The UCSC associate professor of history, Elaine Sullivan, has just been awarded the 2020 Roy Rosenzweig Prize for Innovation in Digital History by the American Historical Association.
After Elaine Sullivan finished her project Constructing the Sacred: Visibility and Ritual Landscape at the Egyptian Necropolis of Saqqara, she almost immediately came under worldly critical acclaim.
Right now, she is being awarded one of the highest honors in historical journalism through the Roy Rosenzweig branch of The American Historical Association because her most recently published work "reflects thoughtful, critical, and rigorous engagement with technology and the practice of history."
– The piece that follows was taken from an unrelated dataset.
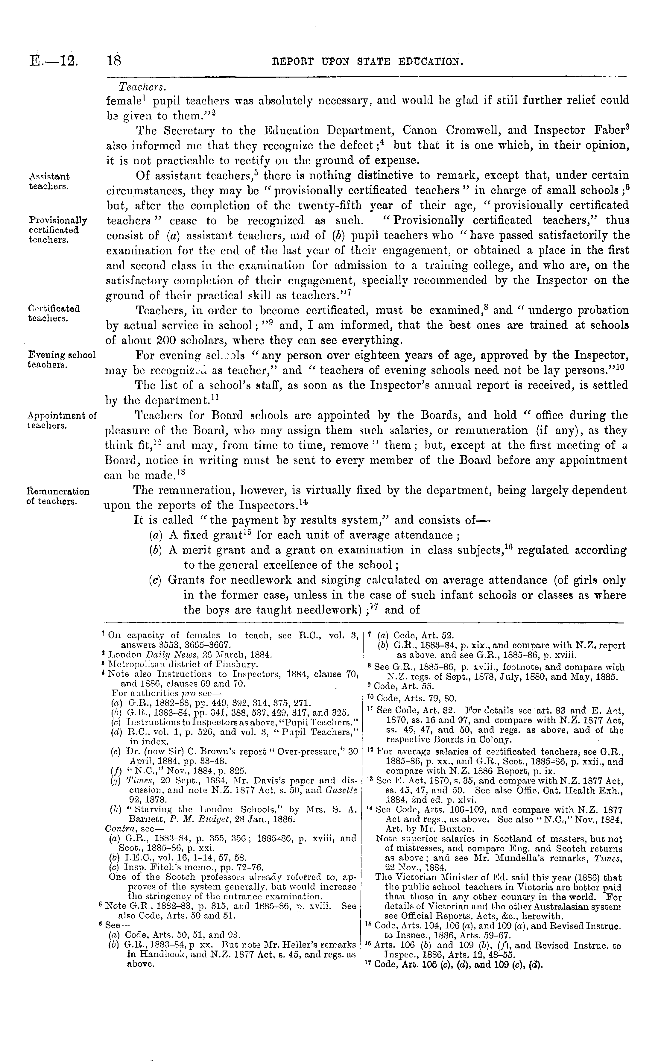 ' On capacity of females to teach, see R.C., vol. 3, answers 3553, 3605-3CG7. 1 London Daily News, 20 March, 1884. 8 Metropolitan district of Finsbury. i Note also Instructions to Inspectors, 1884, clause 70, and 1886, clauses 69 and 70. For authorities pro see— (a) G.R., 1882-83, pp. 449, 392, 314, 375, 271. (b) G.R., 1883-84, pp. 341, 388, 537,429, 317, and 325. (c) Instructions to Inspectors as above, "Pupil Teachers." (d) R.C., vol. 1, p. 520, and vol. 3, " Pupil Teachers," in index. («) Dr. (now Sir) C. Brown's report " Over-pressure,*' 30 April, 1884, pp. 33-48. (/) "N.C.," Nov., 1884, p. 825. (g) Times, 20 Sept., 1884, Mr. Davis's paper and discussion, and note N.Z. 1877 Act, s. 50, and Gazette 92, 1878. (h) " Starving the London Schools," by Mrs, S. A. Barnett, P. M. Budget, 28 Jan., 1886. Contra, see— (a) G.R., 1883-84, p. 355, 336 ; 1885-86, p. xviii, and Scot., 1885-86, p. xxi. (6) 1.E.C., vol. 16, 1-14, 57, 58. (c) Insp. Fitch's memo., pp. 72-76. One of the Scotch professors already referred to, approves of the system generally, but would increase the stringency of the entrance examination. 6 Note G.R., 1882-83, p. 315, and 1885-86, p. xviii. Seo also Code, Arts. 50 and 51. 'Seefa) Code, Arts. 50, 51, and 93. (b) G.R., 1883-84, p. xx. But noto Mr. Heller's remarks in Handbook, and N.Z. 1877 Act, s. 45, and regs. as above

Sullivan's project is the only one of its kind, and she is actively revolutionizing the way we look at history through the lens of technology.
Sullivan's project uses 3D image-making technology to enhance pre-established Geographic Information Systems (which has become the most prevalent format for data organization in modern archaeological times).
She has been actively creating concise 3D models that can be navigated through space and time specifically to explore the ancient Egyptian burial site of Saqqara.
Her publication was the first publication in years that pushed boundaries of what 3D modeling can do to assist archaeologists in their decision-making for the future. In theory, this will create a new pathway for 3D imaging within the historical setting for the foreseeable future.